Aim of the exercise. Exact repetition of a range: find the line containing "Railspirit Personalized Pacific" and the line containing "Вообщем, месяц назад" in the material below, then repeat both and all lines between them, leaving pictures out.

Available records.
******
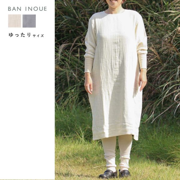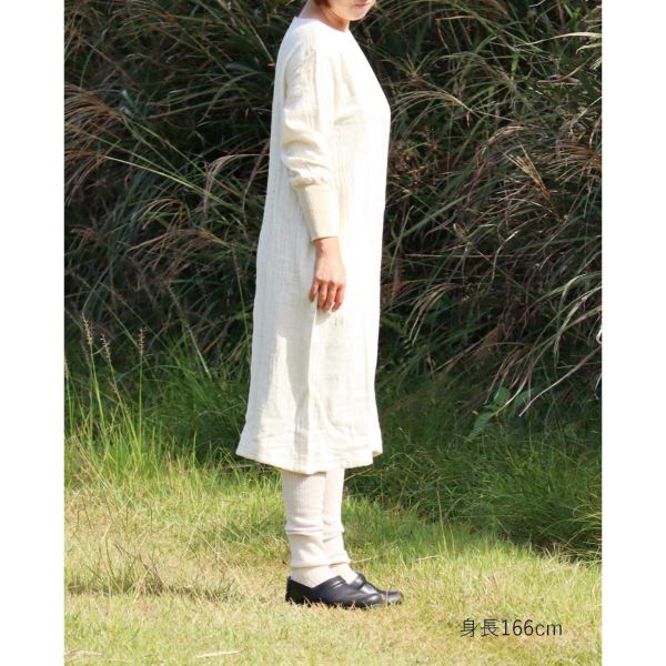 オンラインショップ・直営店限定サイズは、通常の「スラブ袖リブワンピース」よりも身丈+14cm・身幅+7cmほどで、ゆったりおおきめ。
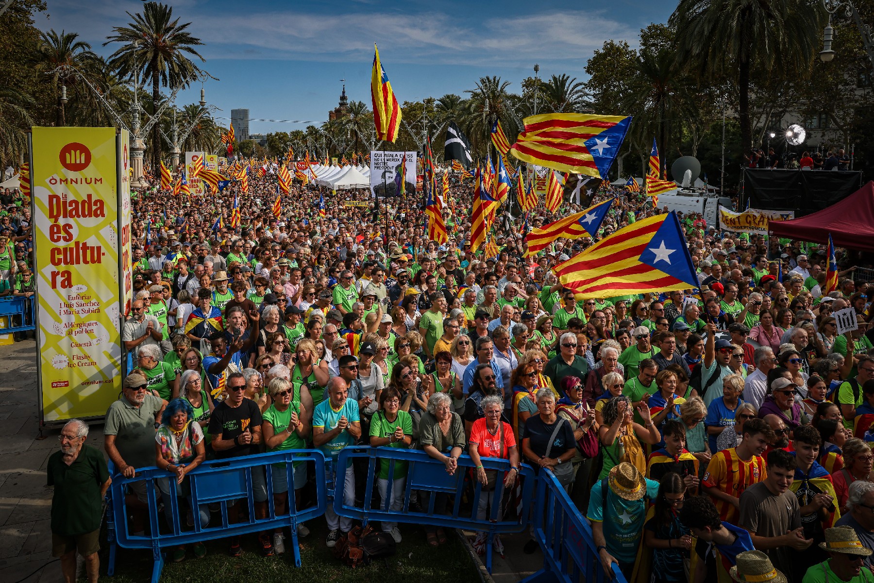 L'independentisme treu 73.500 persones al carrer en la manifestació descentralitzada de la Diada. Les entitats lamenten la divisió dels partits sobiranistes i demanen al moviment que deixi de 'llepar-se les ferides'
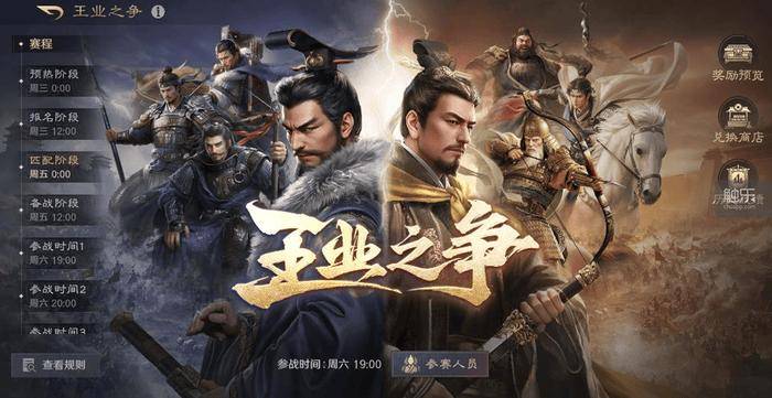 具体来说,在“王业之争”中,玩家可以选择职业,并在同盟内部组队,每队为45名主力加10名替补。组队并完成匹配后,队伍进入战场。战斗被限定为48分钟(3分钟准备,45分钟战斗),玩家可以通过占领城池、屯垦农庄、尽量运送等方式为自己和所属阵营获取积分。最终,积分更高的阵营将获得胜利。
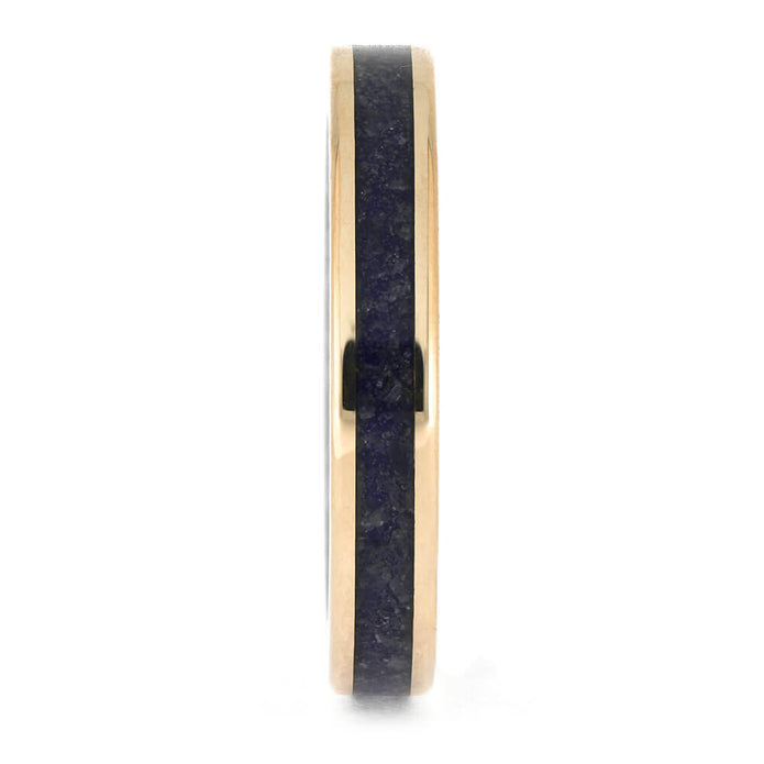 Commemorate your birth month with this expertly handcrafted birthstone wedding band. Its polished 14k rose gold surface is enhanced by radiant sapphire fragments, creating a uniquely striking piece. Celebrate nature with this distinctive ring, handmade in the USA.
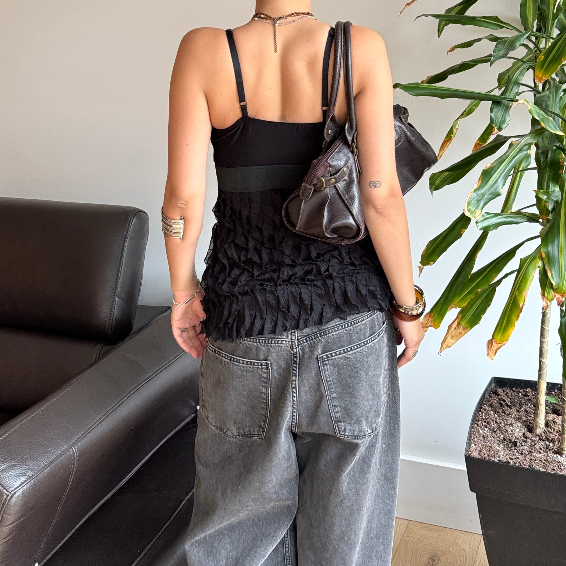 Black Babydoll Ruffle Top
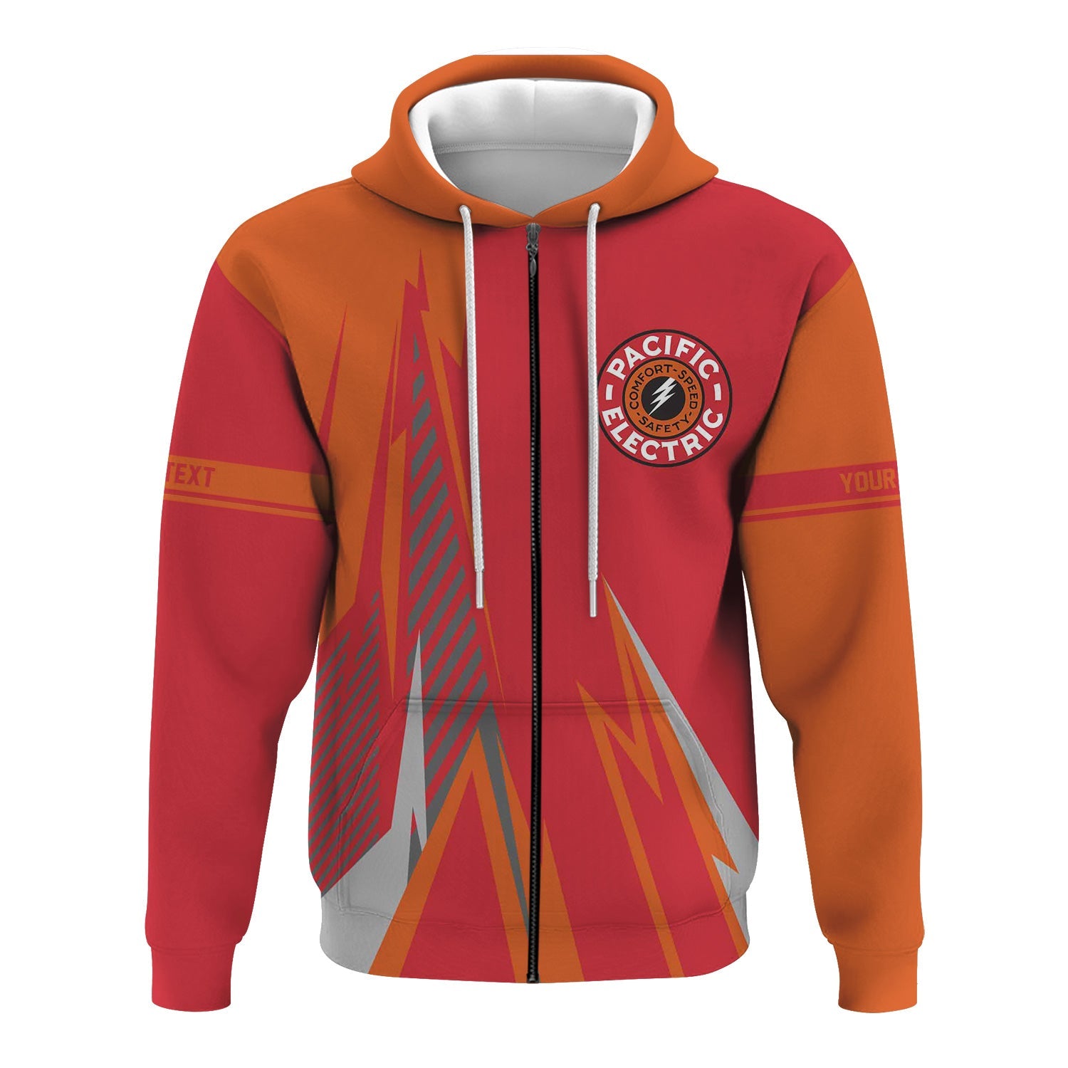 Railspirit Personalized Pacific Electric Railroad Hoodie Lightning-Inspired Railway Style Zip Up Hoodie For Train Lovers
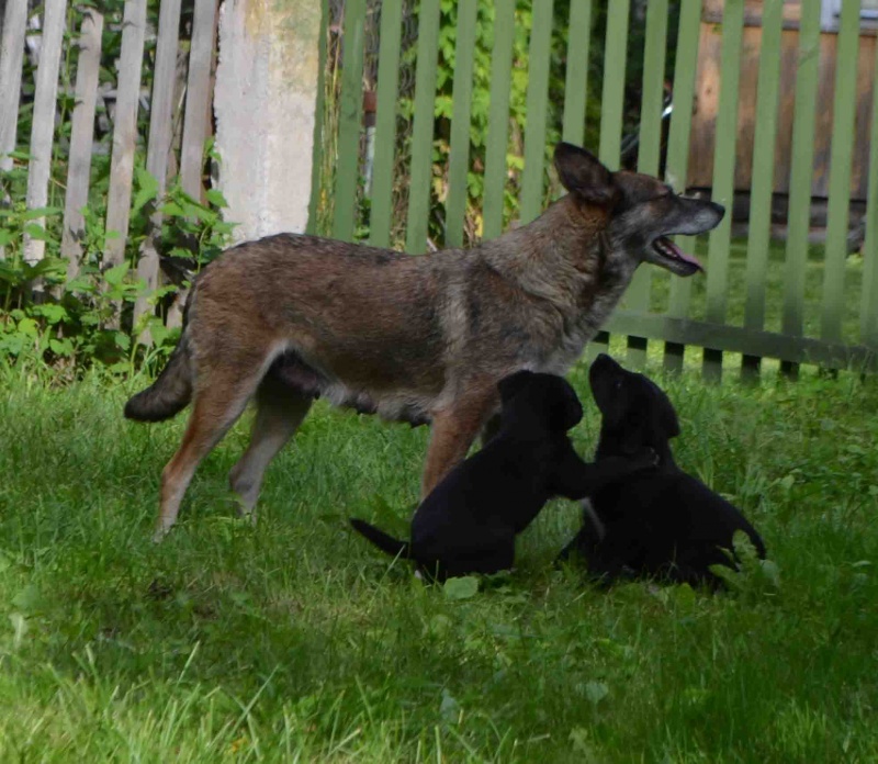 Вообщем, месяц назад в нашем дачном обществе появилась течная сучка и молодой кобель (видимо ее сынок и к тому же диковатый). Все думали, что побегает и убежит и что живет в деревне в соседней, но.......она осталась и родила 8 щенков
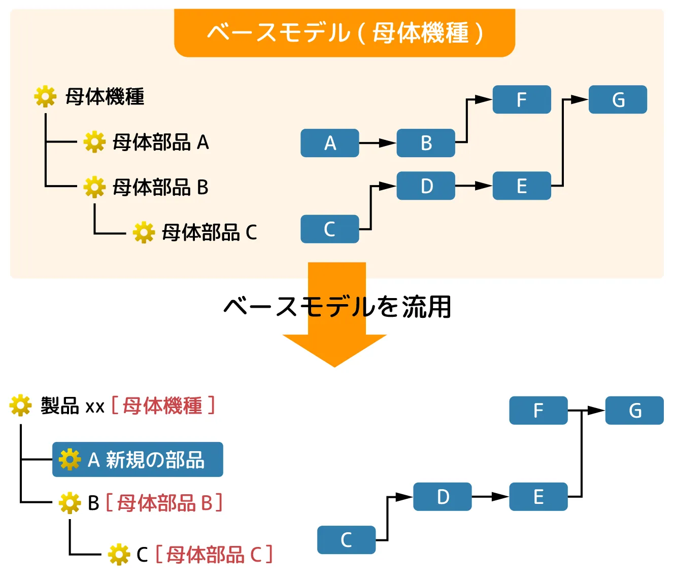 近年、顧客ニーズの多様化に伴い、多品種少量や個別受注生産が増えています。その現場では、類似機種でもM-BOMやBOPを初めから作り直す必要があり、手作業による非効率や記載ミスが発生する課題がありました。MPPCreatorでは、標準的な部品構成や工程情報を「ベースモデル(母体機種)」として登録し、M-BOMとBOPの両方で流用できます。新機種の設計時にはベースモデルを呼び出して必要部分のみを修正することで、効率的かつ精度の高い工程設計が可能になります。その結果、作業効率の向上、品質の安定化、設計と製造部門の連携強化が実現します。
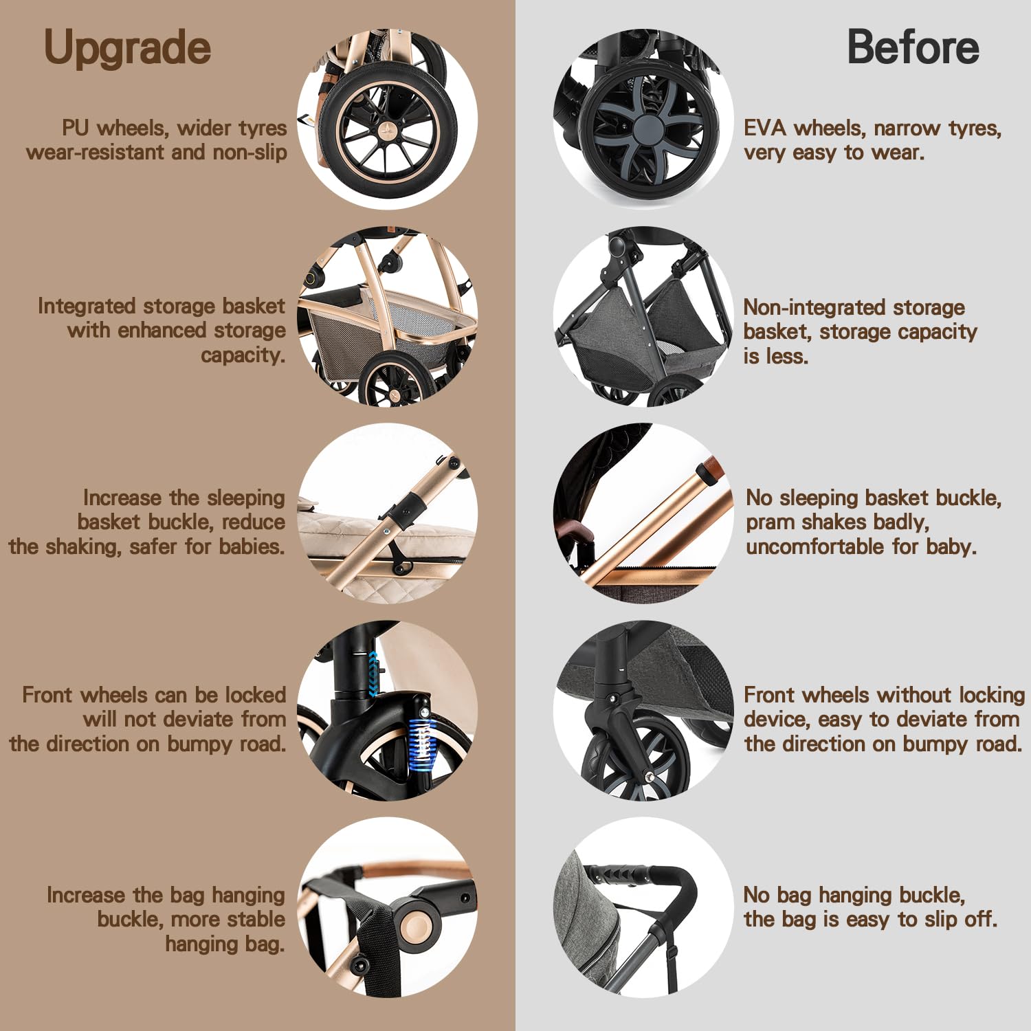 ["High-quality stroller EN1888-2 The stroller is suitable for infants aged 0-4 years weighing less than 22 kg and has successfully passed the European legislation EN1888-2 test. The sleep basket equipped with shock-absorbing carabiners significantly reduces shocks during transportation, making the stroller more comfortable. Also included is a detachable cover for cold weather, a mosquito net, a soft pillow, a large diaper bag.","Stroller and stroller 2-in-1 The baby carrier is suitable for 0-15 months and can be converted into a stroller suitable for 7-48 months. The seat can be installed in both directions. The stroller has an adjustable five-point harness. The backrest of the stroller has 3 adjustment modes: sitting position 135°, semi-recline mode 150°, lying position 180°. The handlebar can be opened with one hand and then rotated 180°, which is convenient for babies to get in and out.","Multifunctional car seat The car seat is suitable for babies from 0 to 15 months and complies with European Regulation ECE R131. The car seat can be easily mounted on the stroller frame using the car seat click system. By adjusting the angle of the armrest, the car seat can be transported to prevent the baby from waking up. The car seat can be used as a cradle when placed on a flat surface to gently rock your baby.","Stroller with height-adjustable handle and suitable for winter and summer The height of the stroller can be adjusted so that people of all sizes can comfortably push the stroller. The top and side ventilation openings can be opened or closed depending on the climate. The warm footmuff can be removed and replaced with a mosquito net in summer. The canopy has 4 speeds that can be adjusted according to sunlight.","Equipped with lockable front wheels, 4-wheel shock absorbers, and an aluminum alloy frame The front wheels of the stroller can be locked to prevent the stroller from losing control on bumpy roads. The wheels are equipped with independent shock absorbers to effectively absorb external impacts. The aluminum frame, 66 cm from the ground, is not only lightweight but also keeps the baby away from exhaust pollution."]
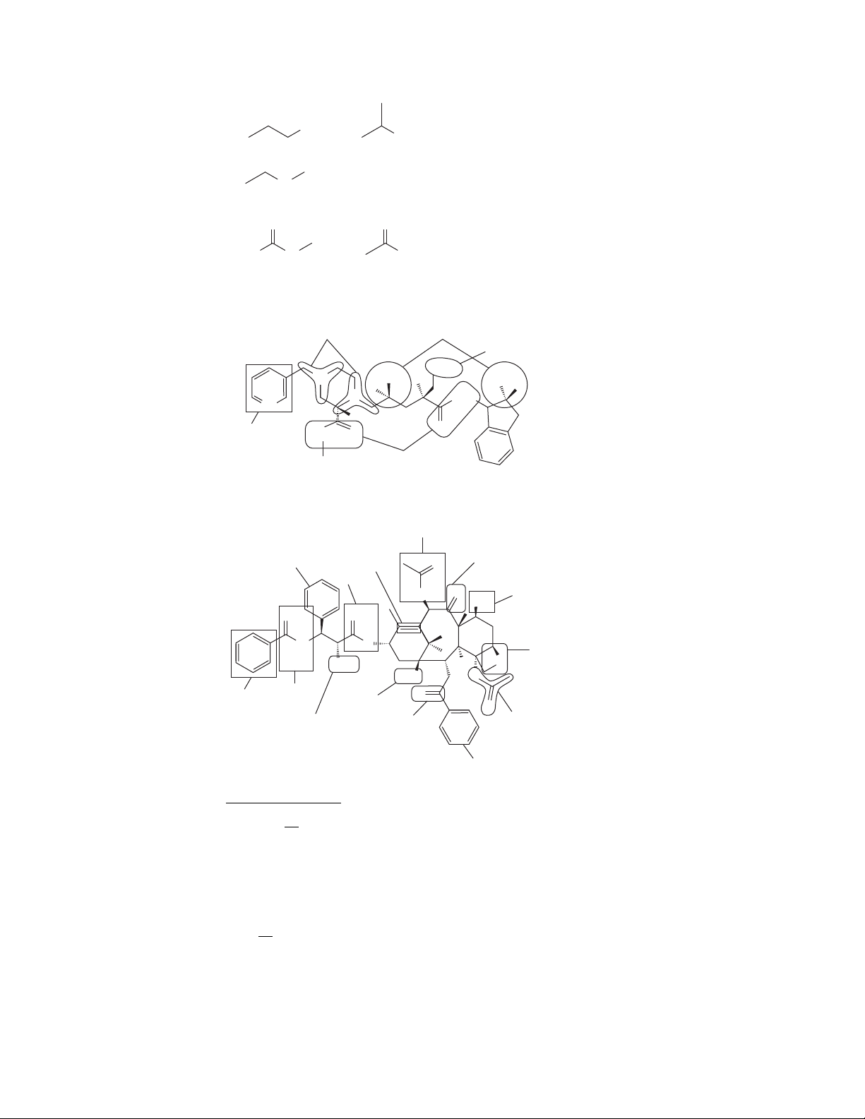 24 FAMILIES OF CARBON COMPOUNDS (k) NH2 NH2 (l) Me N H (m) Me3N (n) O Me N H H O NH2 2.36 Crixivan has the following functional groups: N N NH N HN O C6H5 3°Amine Amide Aromatic amine 2°Alcohol Phenyl C(CH3)3 H O HOOHH H H 2.37 The following formula is for Taxol, a natural compound with anticancer activity. Taxol has the following functional groups. Phenyl Phenyl Phenyl Amide Ester Alkene Ester Alcohol (2º) Alcohol (2º) Alcohol (3º) Ether EsterKetone Ketone N H OH HO O O O OH O O O O O O H O Physical Properties 2.38 (a) The O H group of Vitamin A is the hydrophilic portion of the molecule, but the re- mainder of the molecule is not only hydrophobic but much larger. Attractive dispersion forces between the hydrophobic region of one Vitamin A molecule and another out- weighs the effect of hydrogen bonding to water through a single hydroxyl group. Hence, Vitamin A is not expected to be water soluble. (b) For Vitamin B3, there are multiple hydrophilic sites. The carbonyl oxygen and the O H of the acid function as well as the ring nitrogen can all hydrogen bond to water. Since the hydrophobic portion (the ring) of the molecule is modest in size, the molecule is expected to be water soluble.
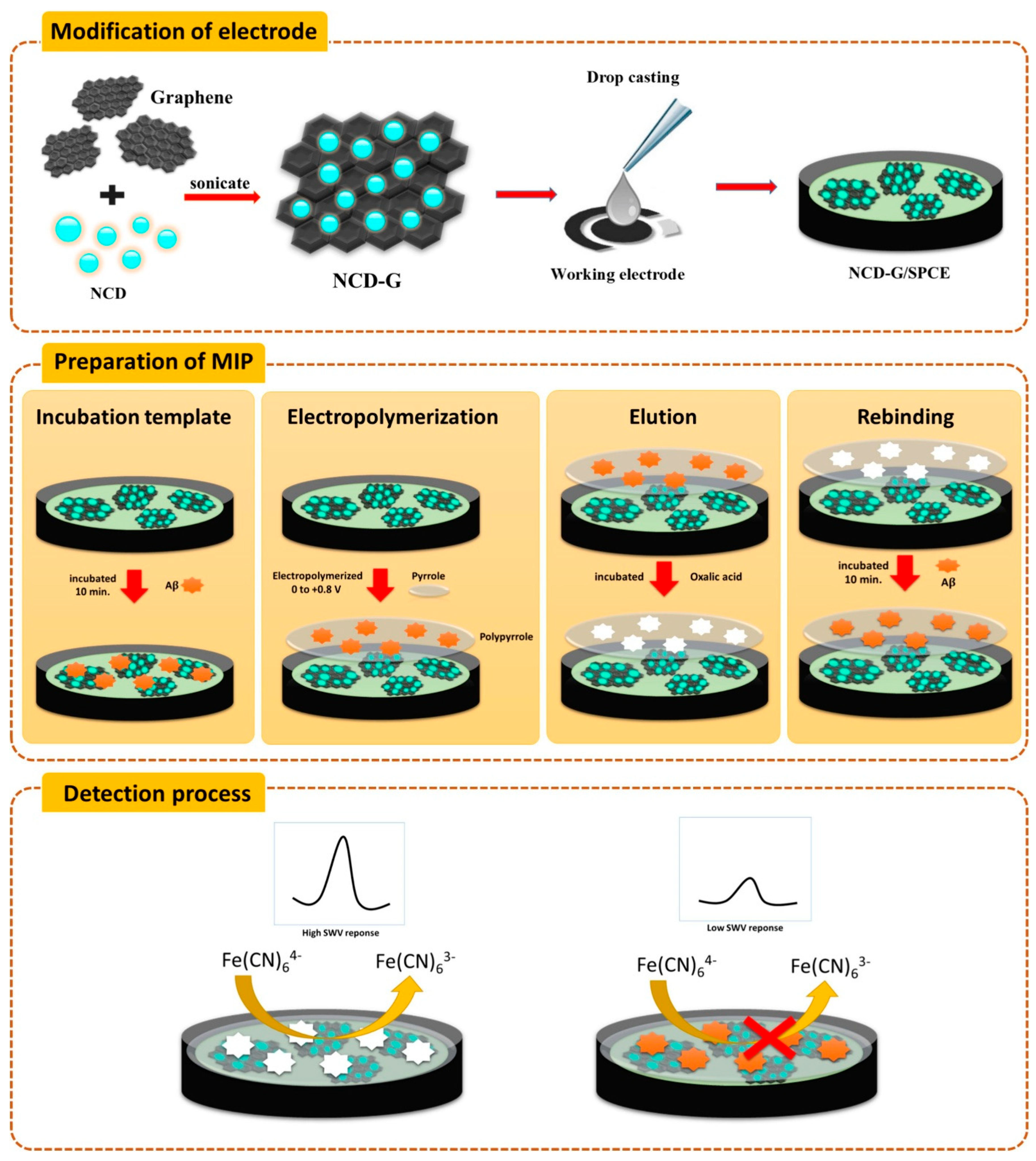 - Pakapongpan, S.; Poo-arporn, Y.; Ninket, S.; Poo-arporn, R.P. A disposable electrochemical sensor for amyloid-β42 protein based on molecular imprinted polymers with nitrogen doped carbon dots-graphene nanohybrid. Microchem. J. 2024, 206, 111559. [Google Scholar] [CrossRef]
******
Completed exercise.
 Railspirit Personalized Pacific Electric Railroad Hoodie Lightning-Inspired Railway Style Zip Up Hoodie For Train Lovers
 Вообщем, месяц назад в нашем дачном обществе появилась течная сучка и молодой кобель (видимо ее сынок и к тому же диковатый). Все думали, что побегает и убежит и что живет в деревне в соседней, но.......она осталась и родила 8 щенков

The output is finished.